Seven year-old referred to endodontist

My 7 year old daughter was told that we had to take her to an endodontist. I don't fully understand the procedure used in this. My daughter is very scared, and I can't help her because I don't understand it myself. Can you explain it to me?

Question:

Dear Marilyn,

An endodontist is a root canal specialist. A general dentist might refer a patient to an endodontist for several reasons. Even though general dentists are trained in the techniques for completing root canals, some general dentists simply do not like to perform root canal therapy. Some general dentists may do root canals on some teeth, but not others. For example, root canals on molars can be somewhat more complicated than root canals on anterior teeth as molars have several canals and are more difficult to access. General dentists may also refer patients to an endodontist if diagnosis is difficult. It is not always easy to determine the cause of an aching tooth or even which tooth may be causing pain. Endodontists can be extremely helpful in determining proper diagnosis and, therefore, proper treatment.

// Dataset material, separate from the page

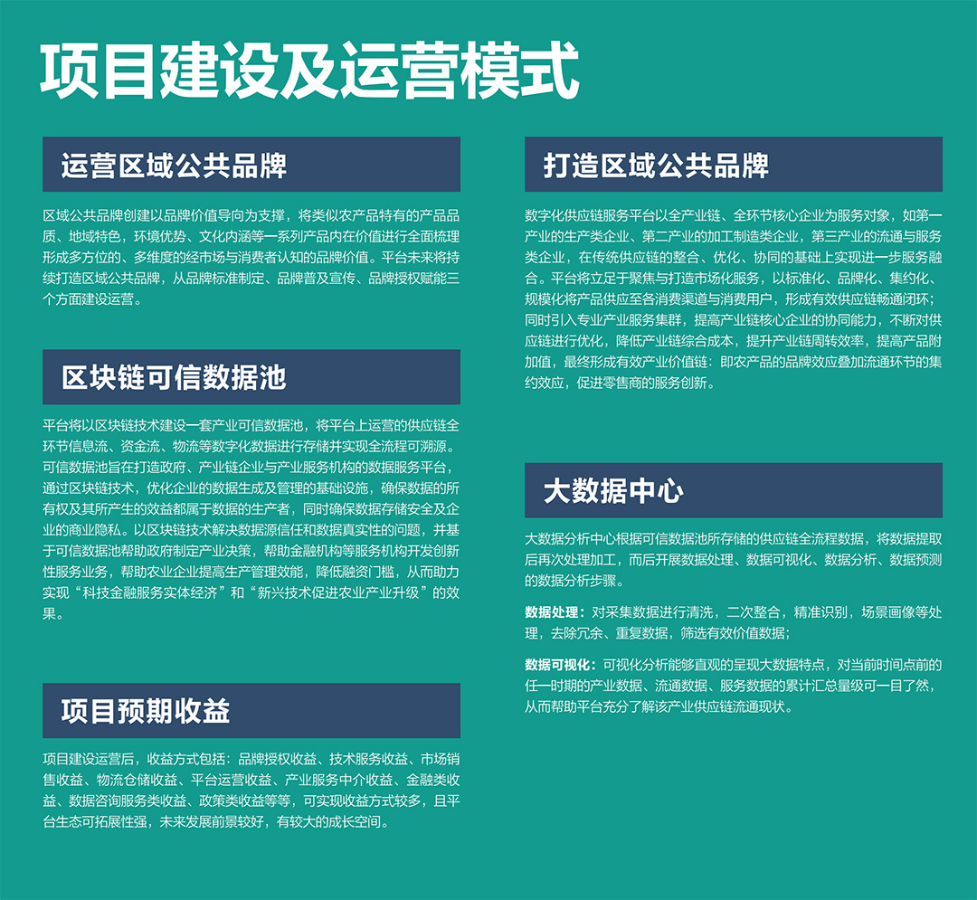 平臺將以區塊鏈技術(shù)建設一套產(chǎn)業(yè)可信數據池,將平臺上運營(yíng)的供應鏈全環(huán)節信息流、資金流、物流等數字化數據進(jìn)行存儲并實(shí)現全流程可溯源??尚艛祿刂荚诖蛟煺?、產(chǎn)業(yè)鏈企業(yè)與產(chǎn)業(yè)服務(wù)機構的數據服務(wù)平臺,通過(guò)區塊鏈技術(shù),優(yōu)化企業(yè)的數據生成及管理的基礎設施,確保數據的所有權及其所產(chǎn)生的效益都屬于數據的生產(chǎn)者,同時(shí)確保數據存儲安全及企業(yè)的商業(yè)隱私。以區塊鏈技術(shù)解決數據源信任和數據真實(shí)性的問(wèn)題,并基于可信數據池幫助政府制定產(chǎn)業(yè)決策,幫助金融機構等服務(wù)機構開(kāi)發(fā)創(chuàng )新性服務(wù)業(yè)務(wù),幫助農業(yè)企業(yè)提高生產(chǎn)管理效能,降低融資門(mén)檻,從而助力實(shí)現“科技金融服務(wù)實(shí)體經(jīng)濟”和“新興技術(shù)促進(jìn)農業(yè)產(chǎn)業(yè)升級”的效果。

First, I would advise you to discuss this referral with your daughter's dentist to find out exactly why your general dentist feels that the referral to the endodontist is necessary. If your daughter needs treatment for a primary tooth, treatment by the endodontist may not be necessary. Generally, "baby" root canals (also known as a pulpotomy or pulpectomy) for primary teeth are fairly simple and can be done by a general dentist or a pedodontist. If your daughter needs root canal treatment for a permanent tooth, her dentist may feel more comfortable having the endodontist perform the treatment, especially if the root of the tooth is not fully formed yet.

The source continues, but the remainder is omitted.